Zucker ist mittlerweile aus der alltäglichen Ernährung nicht mehr wegzudenken. Schon unsere Kleinsten werden Unmengen des „süßen Giftes“ ausgesetzt. Wer hätte gedacht, dass ausgerechnet die britische Kriegsrationierung des Zweiten Weltkriegs uns heute noch etwas über gesunde Ernährung beibringen könnte?
Die Wissenschaftler der University of Southern California, McGill University und UC Berkeley haben sich die unfreiwilligen „Versuchskaninchen“ der britischen Nachkriegszeit vorgeknöpft – und siehe da: Die ersten 1.000 Lebenstage ohne Zuckerschleck sind laut der kürzlich veröffentlichten Studie mit dem Titel „Exposure to sugar rationing in the first 1000 days of life protected against chronic disease“ Gold wert. Die Zahlen sind eindrucksvoll: 35 Prozent weniger Diabetes-Risiko und 20 Prozent weniger Bluthochdruck im späteren Leben.
Während der Rationierung mussten sich die Briten mit läppischen acht Teelöffeln Zucker pro Tag begnügen – heute würden viele Kinder darüber nur müde lächeln, während sie ihr zuckerbombardiertes Frühstücksmüsli löffeln. Kaum war die Rationierung vorbei, verdoppelte sich der Zuckerkonsum schneller, als man „Praline“ sagen konnte.
Die Studienleiterin Tadeja Gracner hat dabei festgestellt: Nicht nur die Schwangerschaft ist entscheidend, sondern vor allem die Zeit danach.

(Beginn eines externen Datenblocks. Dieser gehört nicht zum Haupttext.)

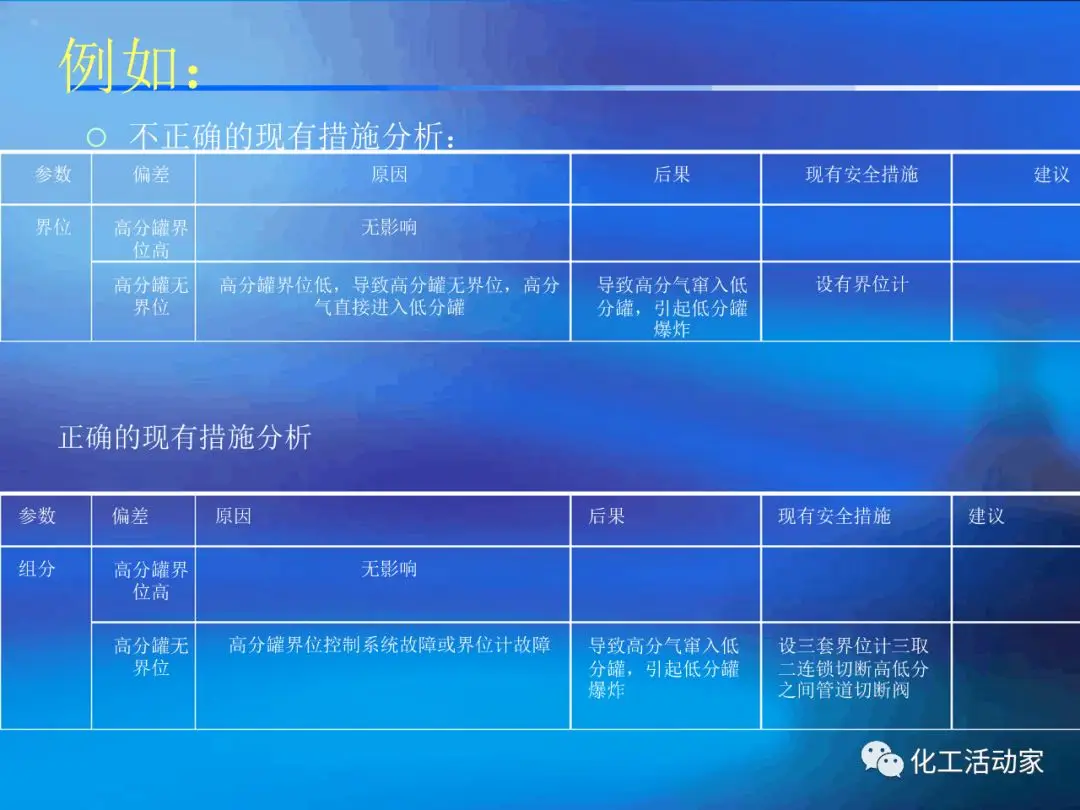 第一步,定義危險(xiǎn)和可操作性分析所要分析的系統(tǒng)或活動。首先要確定分析對象的功能、范圍。因?yàn)樗械奈kU(xiǎn)和可操作性分析所要分析的都是一個系統(tǒng)在正常的運(yùn)行中各種可能的偏差,清楚地定義一個系統(tǒng)的設(shè)計(jì)功能或正常運(yùn)行是分析工作的非常重要的第一步。詳細(xì)和清晰的記錄這第一步工作對HAZOP分析工作是很重要的。在現(xiàn)實(shí)生活中很少有系統(tǒng)是完全孤立的。絕大多數(shù)系統(tǒng)是和其他系統(tǒng)相連或相互作用的。通過清楚地定義一個系統(tǒng)或運(yùn)行的范圍或邊界,可以避免忽略邊界附近重要系統(tǒng)的組成部分;也可以避免囊括不屬于這個系統(tǒng)或運(yùn)行的組成部分從而避免混淆問題或浪費(fèi)資源。需要關(guān)注的問題包括安全問題、環(huán)境問題、經(jīng)濟(jì)問題等。危險(xiǎn)和可操作性分析可以聚焦在一個間題或風(fēng)險(xiǎn)上,也可以同時聚焦在幾個問題上。在分析的時候還需要考慮可接受的風(fēng)險(xiǎn)限度。第三步,分解被分析的系統(tǒng)并且建立偏差。在整個HAZOP團(tuán)隊(duì)集中開會之前,HAZOP團(tuán)隊(duì)的LEADER和記錄員應(yīng)該作一些積極的準(zhǔn)備工作來確保團(tuán)隊(duì)開會的時間得到充分的利用。這些準(zhǔn)備工作包括:定義系統(tǒng)的組成部分(流程的節(jié)點(diǎn))、建立可信的偏差、建立HAZOP工作表。一個有結(jié)構(gòu)的HAZOP分析的規(guī)程是遵照特殊的引導(dǎo)詞的方法。有兩種方式識別偏差:參數(shù)方法和設(shè)計(jì)意圖方法。參數(shù)方法討論節(jié)點(diǎn)設(shè)計(jì)意圖,選擇相關(guān)流程參數(shù),然后將引導(dǎo)詞與參數(shù)結(jié)合,創(chuàng)造偏差。設(shè)計(jì)意圖方法是團(tuán)隊(duì)領(lǐng)導(dǎo)從設(shè)計(jì)意圖創(chuàng)造偏差。設(shè)計(jì)意圖方法是團(tuán)隊(duì)領(lǐng)導(dǎo)從設(shè)計(jì)意圖中提煉出關(guān)鍵的外在特征和參數(shù),創(chuàng)造潛在的偏差。(3)確認(rèn)節(jié)點(diǎn)1。(4)分析團(tuán)隊(duì)確立節(jié)點(diǎn)1的設(shè)計(jì)意圖。(5)對節(jié)點(diǎn)1應(yīng)用第一個偏差,并且問分析團(tuán)隊(duì),“這個偏差的后果會是什么?”允許團(tuán)隊(duì)成員花一點(diǎn)時間來考慮這個系統(tǒng)偏差的問題。有時候可能需要允許提示來促動討論。如果這個偏差不會導(dǎo)致事故,對第二個偏差重復(fù)這一個步驟。如果討論的偏差不會導(dǎo)致事故,就沒有必要考慮原因或安全裝置。(6)當(dāng)分析團(tuán)隊(duì)討論完這個偏差所可能導(dǎo)致的所有需要分析的事故后,將討論轉(zhuǎn)為考慮那些造成偏差的原因。(7)辨識用來防止和延緩系統(tǒng)的偏差的工程裝置和管理控制。分析團(tuán)隊(duì)的討論應(yīng)該包括考慮到這些裝置和控制可以是防止性的(即它們幫助防止偏差的發(fā)生)或延緩性的(即它們幫助減輕那些偏差所導(dǎo)致的事故的嚴(yán)重性)。(8)如果分析團(tuán)隊(duì)認(rèn)為對一些系統(tǒng)的偏差的安全裝置不夠充分,分析團(tuán)隊(duì)就必需提出推薦建議。防止和延緩系統(tǒng)的偏差包括安全裝置的數(shù)量,類型和有效性。(10)對這個節(jié)點(diǎn)所有的偏差重復(fù)步驟"(5)”到“(9)”。(11)對所有的節(jié)點(diǎn)重復(fù)步驟+(3)”到“(10)”。以上的工作內(nèi)容,全部要記到工作表中。記錄員負(fù)責(zé)文檔的建立。咨詢公司一般采用專門的HAZOP記錄軟件,如HazardReview-Leader,PHA-Works,PHA-Pro等。其中HazardReview一Leader是美國ABS(美國船級社)專門進(jìn)行危險(xiǎn)辨識設(shè)計(jì)的軟件,它會議記錄方便,確保措詞一致。第五步,運(yùn)用HAZOP分析的結(jié)果進(jìn)行決策。HAZOP分析的結(jié)果可用來決策。首先,要根據(jù)HAZOP分析的結(jié)果來確定被分析系統(tǒng)的風(fēng)險(xiǎn)的可接受性,即系統(tǒng)有沒有符合預(yù)先設(shè)立的風(fēng)險(xiǎn)的可接受性標(biāo)準(zhǔn)一般可采用風(fēng)險(xiǎn)矩陣的方法,并根據(jù)以分析的結(jié)果來確定對這個系統(tǒng)的風(fēng)險(xiǎn)的最大貢獻(xiàn)的組成部分子系統(tǒng)或步驟。這些子系統(tǒng)或步驟是考慮改進(jìn)機(jī)會的最主要的對象。其次,對系統(tǒng)風(fēng)險(xiǎn)的最大貢獻(xiàn)的子系統(tǒng)或步驟提出具體的和切實(shí)可行的改進(jìn)建議,例如設(shè)備改進(jìn)、操作程序改進(jìn)。行政措施改進(jìn)。譬如,預(yù)防性的維修計(jì)劃、人員培訓(xùn)等。同時也要估算貫徹昂貴或較有爭議的改進(jìn)建議對未來運(yùn)行的影響,對貫徹這些建議作費(fèi)用效益比較;在比較時,不要忘記考慮貫徹這些建議的整個生命周期的效益和費(fèi)用。另外,HAZOP分析如果在跟蹤措施責(zé)任上缺乏溝通,那么其效果會大大降低。HAZOP分析產(chǎn)生大量的工作表,其中掩藏了許多重要的條款,所以總結(jié)報(bào)告是很重要的。總結(jié)報(bào)告應(yīng)能夠告訴讀者分析的目標(biāo)、范圍,描述完成了什么,最重大的發(fā)現(xiàn)是什么。HAZOP跟蹤要分配到人和部門。最有效的溝通是來自最高管理層,分析團(tuán)隊(duì)要準(zhǔn)備給最高管理層一個有效的報(bào)告,這個報(bào)告要鮮明地體現(xiàn)出管理層要承諾和決策的行動。

Es ist wie bei einem Computer – die grundlegenden Einstellungen werden in der Startphase programmiert. Wer in den ersten zwei Lebensjahren auf Zucker verzichtet, verschafft seinem Körper einen Vorsprung von bis zu vier Jahren, bevor sich Diabetes einschleicht. Besonders interessant: Frauen reagieren noch empfindlicher auf den süßen Verführer. Die Wissenschaft vermutet, dass sie anfälliger für Zuckersucht sind.
Die WHO pocht darauf, dass Kinder unter zwei Jahren komplett auf zugesetzten Zucker verzichten sollten. Klingt hart? Vielleicht. Aber angesichts der Tatsache, dass der durchschnittliche Supermarkt heute mehr Zucker enthält als eine Konditorei der 1950er Jahre, ist es höchste Zeit für ein Umdenken. Gracner betont jedoch auch, dass es nicht darum geht, jeden Geburtstagskuchen zu verteufeln. Es geht um das große Ganze, um die täglichen Gewohnheiten.
Die Studie zeigt: Wer seinen Kindern in den ersten 1.000 Tagen den Zucker vorenthält, schenkt ihnen keine Entbehrung, sondern einen Vorsprung fürs Leben. Und wer weiß – vielleicht werden unsere Enkelkinder eines Tages ungläubig den Kopf schütteln, wenn sie hören, dass wir unseren Kleinsten einst bedenkenlos Zuckerbomben in Form von Fruchtjoghurt und süßen Cornflakes serviert haben. Manchmal braucht es einen Blick in die Vergangenheit, um die Zukunft gesünder zu gestalten.